Nos encontrábamos reunidos en el gran balneario muchos clientes del célebre especialista doctor Veiga, que tanto nombre se ha ganado en el tratamiento de las enfermedades hepáticas, y al saber que llegaba, se resolvió ofrecerle un familiar almuerzo en la robleda. Así se hizo; aceptó complacidísimo el sabio médico; reinó la mayor cordialidad; se comió fuerte y se bebió seco, pese a la dieta y al régimen y a los alifafes de cada uno, y como el doctor aseguraba no haber medicamento más probado para el hígado que el buen humor, salieron a relucir jubilosos recuerdos de la mocedad e historietas picantes. A cosa de las cinco, cuando ya regresábamos dirigiéndonos al manantial, pisando el sendero con precaución, por la rama de pino seca que lo hacía resbaladizo, se cruzó con nosotros un señor machucho, de vacilante andar, uno de esos despojos humanos que en los balnearios suelen verse prorrogando, merced al agua y con permiso del sepulturero, existencias ya temblorosas como la luz que se extingue.

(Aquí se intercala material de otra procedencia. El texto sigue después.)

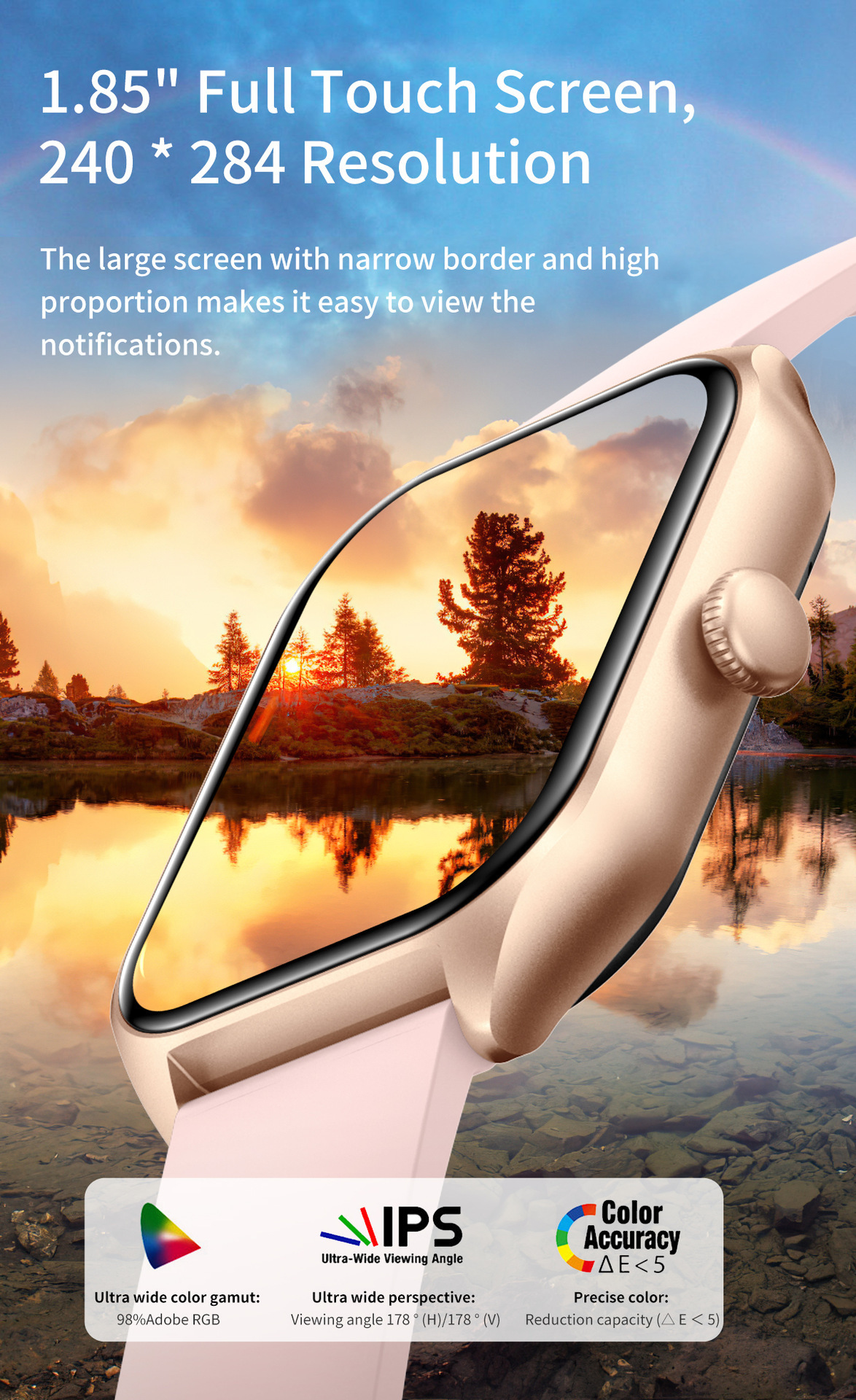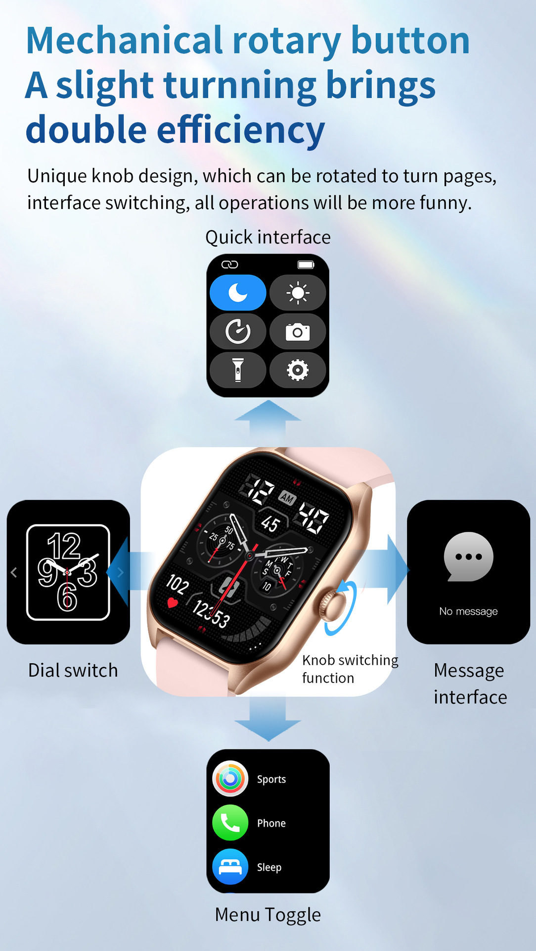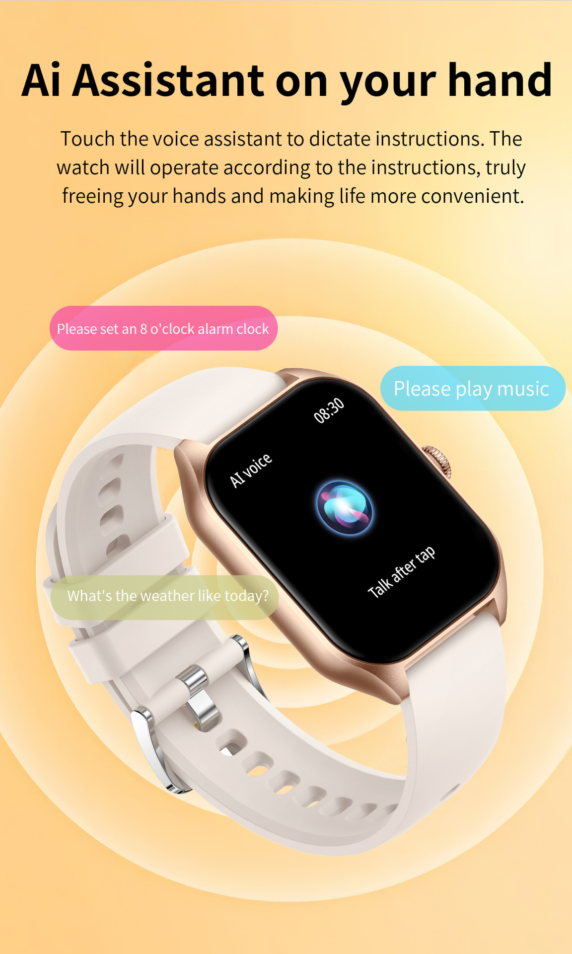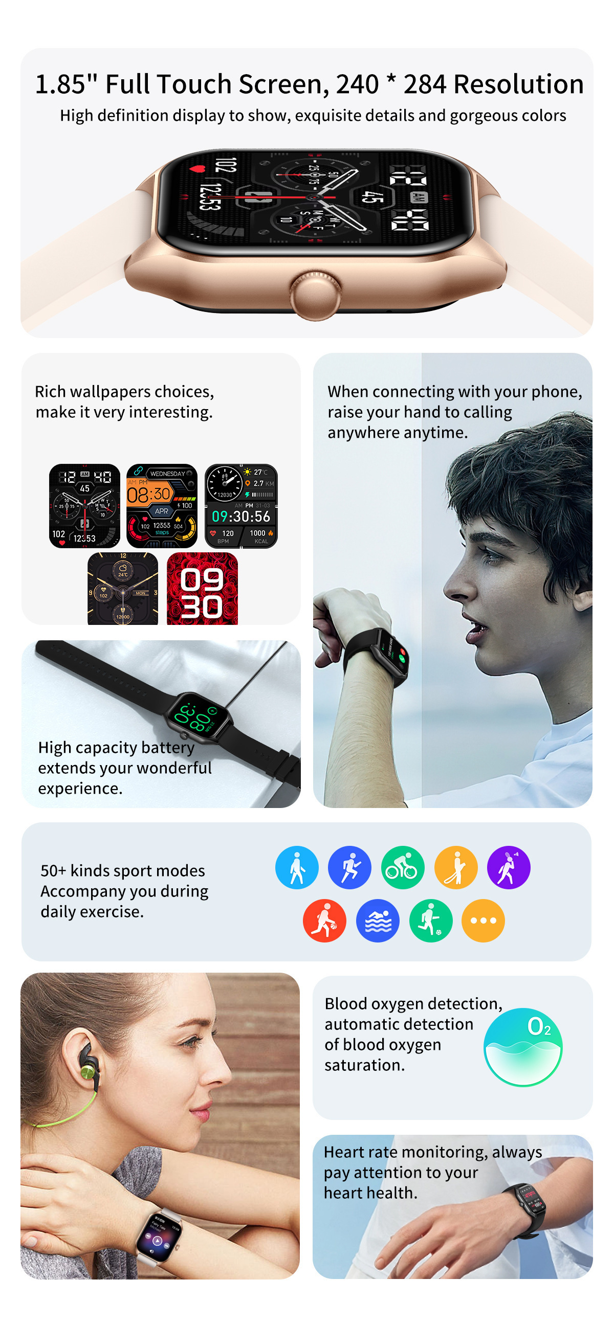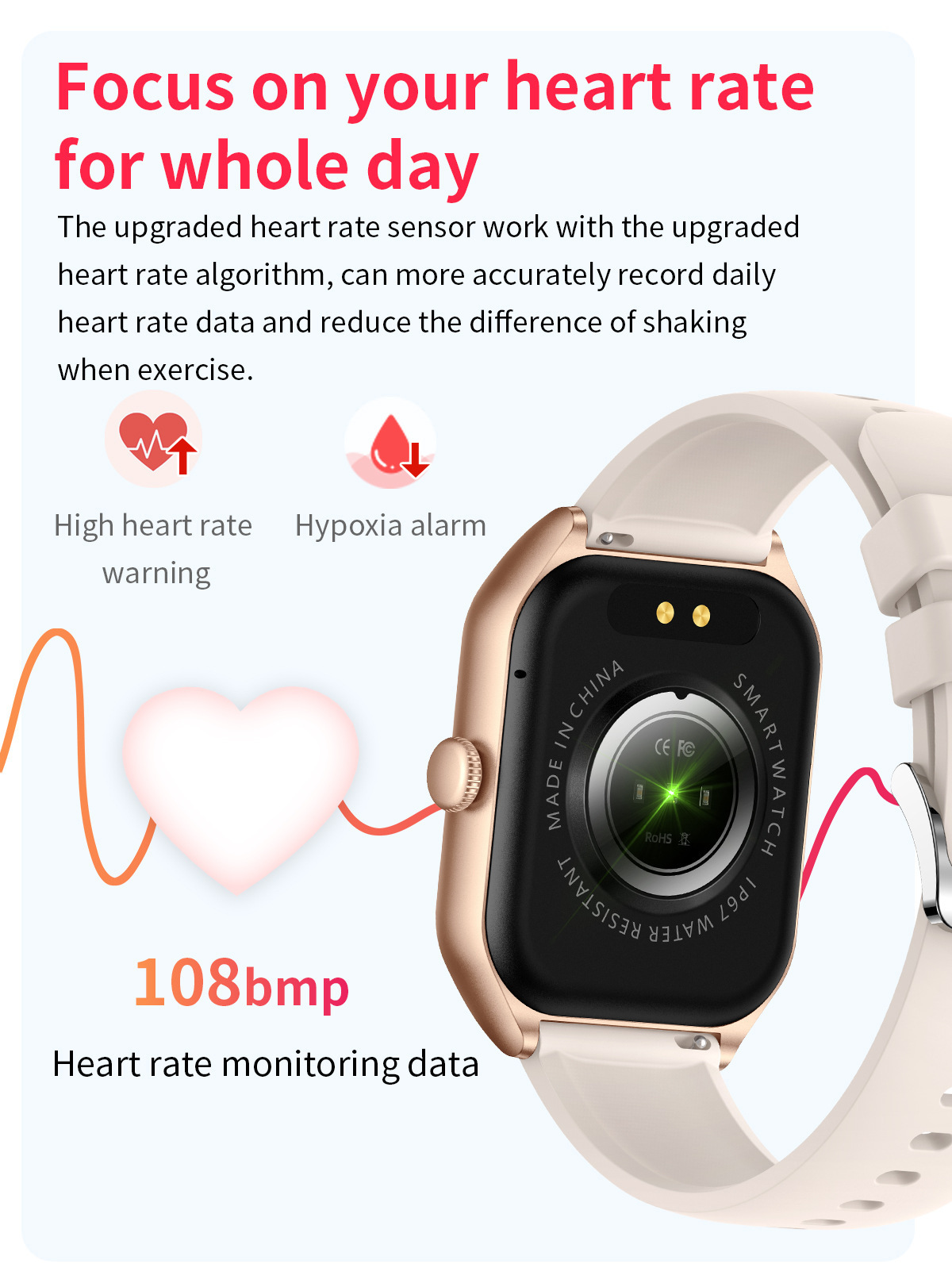 Functions: step counting, heart rate monitoring, blood pressure measurement, Bluetooth calling, smart reminder, sleep monitoring, blood oxygen detection
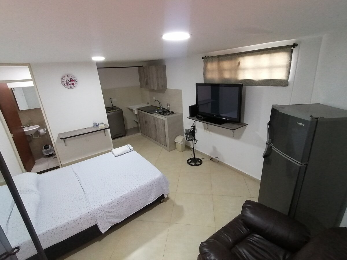 Nyd et ophold i Bucaramanga tæt på skoindustriområdet, Alfonso Lopez stadion, UIS. 5 minutter fra Comuneros-klinikken og HUS, og 10 minutter fra byens forretningscenter, indkøbscentre, supermarkeder. Lejligheden er af typen loftslejlighed og består af et enkelt rum, et soveværelse med dobbeltseng og arbejdsområde, spisestue med foldbar sovesofa, opholdsstue med 43" smart-tv, arbejdsområde med kraftig Wi-Fi, integreret køkken, tøjområde og 1 badeværelse
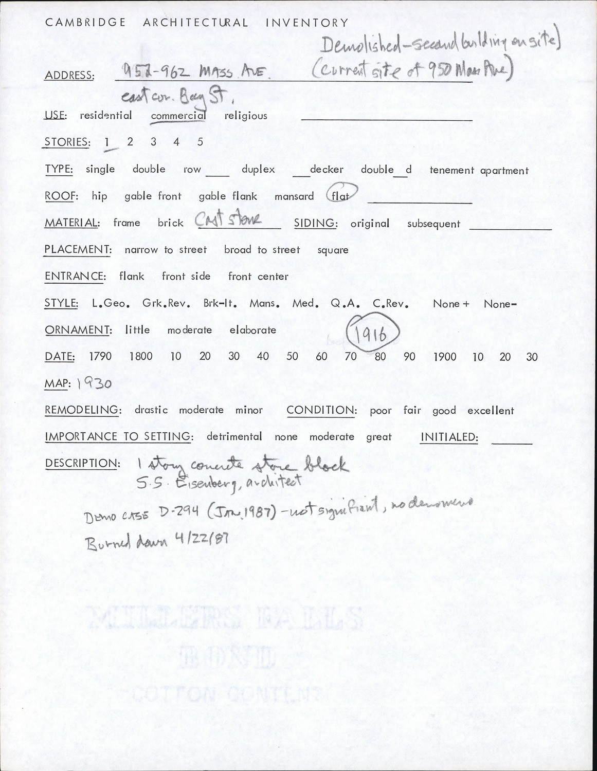 952-962 Massachusetts Ave - Architectural Inventory Form

Aquel decrépito, iluminado por un rayo de sol tan moribundo como él, llamó la atención del doctor, que fue a atravesarse en la senda para verle la cara. El viejo, con mano incierta, elevó su sombrero saludando. Veiga, muy emocionado, repetía:

—¡Pues era verdad! ¡Estaba aquí! ¡Es el mismo!

Nos habíamos quedado solos: los demás comensales ya nos llevaban regular delantera. Pregunté con curiosidad al doctor a quién creía reconocer en el decrépito. Veiga refrenó el paso enganchó su brazo en el mío, y todavía bajo la impresión, dijo con nerviosa viveza:

—¡El pasado que sale de su sepulcro! ¡Mire usted que volver a encontrar en el mundo a Juanito Morán! ¡Al famoso Juanito Morán!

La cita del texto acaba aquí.